The MPC-BERT Pool architecture consists of:

  • Router Stem: Lightweight BERT encoder (e.g., bert-tiny) that produces CLS tokens for routing decisions
  • Expert Pool: Multiple heterogeneous BERT expert models (tiny/base/large) processing in parallel
  • MLP Router: 2-layer MLP that assigns gating probabilities to experts via Gumbel-Softmax
  • Composite Loss: Combines task loss, load balancing, and cost awareness

Key innovation: Asymmetric backpropagation where:

  • Task loss (L_task) updates all components
  • Auxiliary losses (L_balance, L_cost) only update the router

🚀 Quick Start

Prerequisites

  • Python >= 3.8
  • CUDA-compatible GPU (required for training)
  • conda (recommended)

Installation

# Clone the repository
git clone https://github.com/UCF-ML-Research/SecureRouter-Encrypted-Routing-for-Efficient-Secure-Inference.git
cd SecureRouter-Encrypted-Routing-for-Efficient-Secure-Inference

# Create conda environment (recommended)
conda create -n mpc_router python=3.11 -y
conda activate mpc_router

# Editable install — pulls in all runtime deps via pyproject.toml
pip install -e .

# Optional: dev tools (pytest, black, mypy, ...)
pip install -e ".[dev]"

This installs the package as mpc_router and registers four CLI entry points: mpc-router-train, mpc-router-tune, mpc-router-eval, mpc-router-demo. See docs/API.md for the full API reference.

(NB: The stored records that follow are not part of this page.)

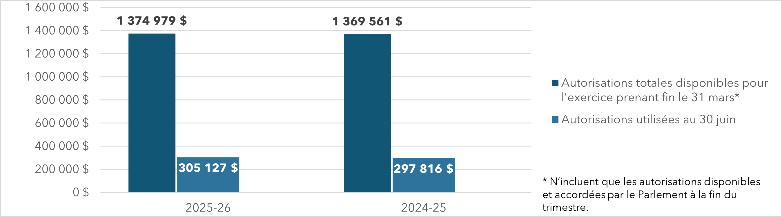 | Dépenses | Dépenses prévues pour l'exercice se terminant le 31 mars 2026Note en bas de page * | Dépenses durant le trimestre terminé le 30 juin 2025 | Cumul des crédits utilisés à la fin du trimestre |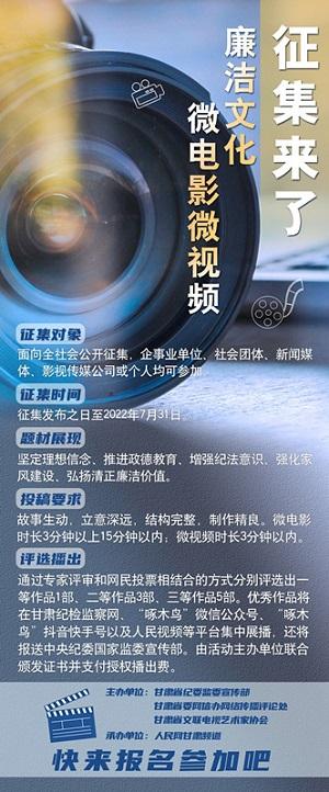 【清廉网】为强化党员干部廉洁自律意识,在全社会营造和弘扬崇尚廉洁、抵制腐败的良好风尚,特举办廉洁文化微电影微视频征集活动。本次活动由甘肃省纪委监委宣传部、省委网信办网络传播评论处、省文联电视艺术家协会联合主办,人民网甘肃频道承办。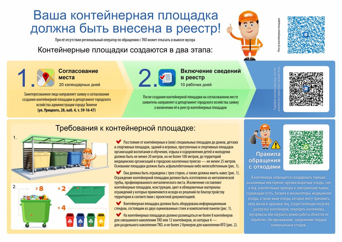 Размещение контейнерных площадок и процесс их регистрации подчиняется определённым правилам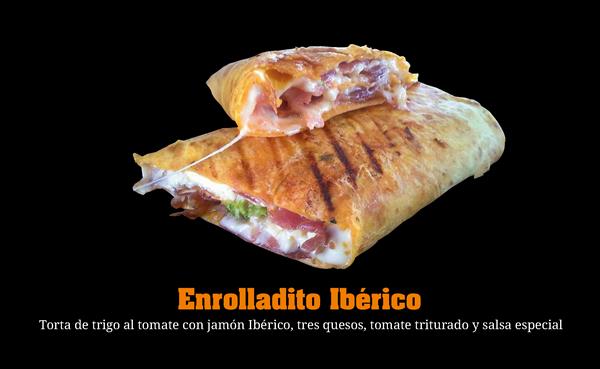 ENROLLADITO IBÉRICO (Torta de trigo al tomate con salsa ibéricoteca, crema de tomate,

Verify the install (no GPU needed)

python -c "from mpc_router import GatedBertPool, CompositeLoss, GLUEDataLoader; print('mpc_router OK')"

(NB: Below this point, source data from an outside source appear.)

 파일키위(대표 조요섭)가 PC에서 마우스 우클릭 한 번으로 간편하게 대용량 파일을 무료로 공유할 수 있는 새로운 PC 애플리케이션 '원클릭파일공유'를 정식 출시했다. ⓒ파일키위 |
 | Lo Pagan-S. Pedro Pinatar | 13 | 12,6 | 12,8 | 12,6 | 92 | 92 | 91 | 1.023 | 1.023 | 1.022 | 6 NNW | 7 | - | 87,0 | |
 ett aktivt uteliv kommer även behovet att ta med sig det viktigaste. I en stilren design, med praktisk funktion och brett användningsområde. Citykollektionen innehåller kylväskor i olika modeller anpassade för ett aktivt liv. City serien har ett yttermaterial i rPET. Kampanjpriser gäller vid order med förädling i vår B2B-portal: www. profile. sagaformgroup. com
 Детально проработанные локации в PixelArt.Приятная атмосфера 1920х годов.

Python API — 30-second example

import torch
from mpc_router import GatedBertPool, CompositeLoss

model = GatedBertPool(
    router_model_name="prajjwal1/bert-tiny",
    expert_model_names=[
        "M-FAC/bert-tiny-finetuned-mrpc",
        "howey/bert-base-uncased-mrpc",
        "yoshitomo-matsubara/bert-large-uncased-mrpc",
    ],
    num_labels=2,
)
loss_fn = CompositeLoss(
    task_type="classification", num_labels=2, num_experts=3,
    expert_costs=torch.tensor([2.0, 7.0, 13.0]),
    alpha=0.01, beta=0.03,
)
# Soft gating (training): runs all experts, returns gradient signal to the router
predictions, gating_weights = model(input_ids, attention_mask)
loss, components = loss_fn(predictions, labels, gating_weights)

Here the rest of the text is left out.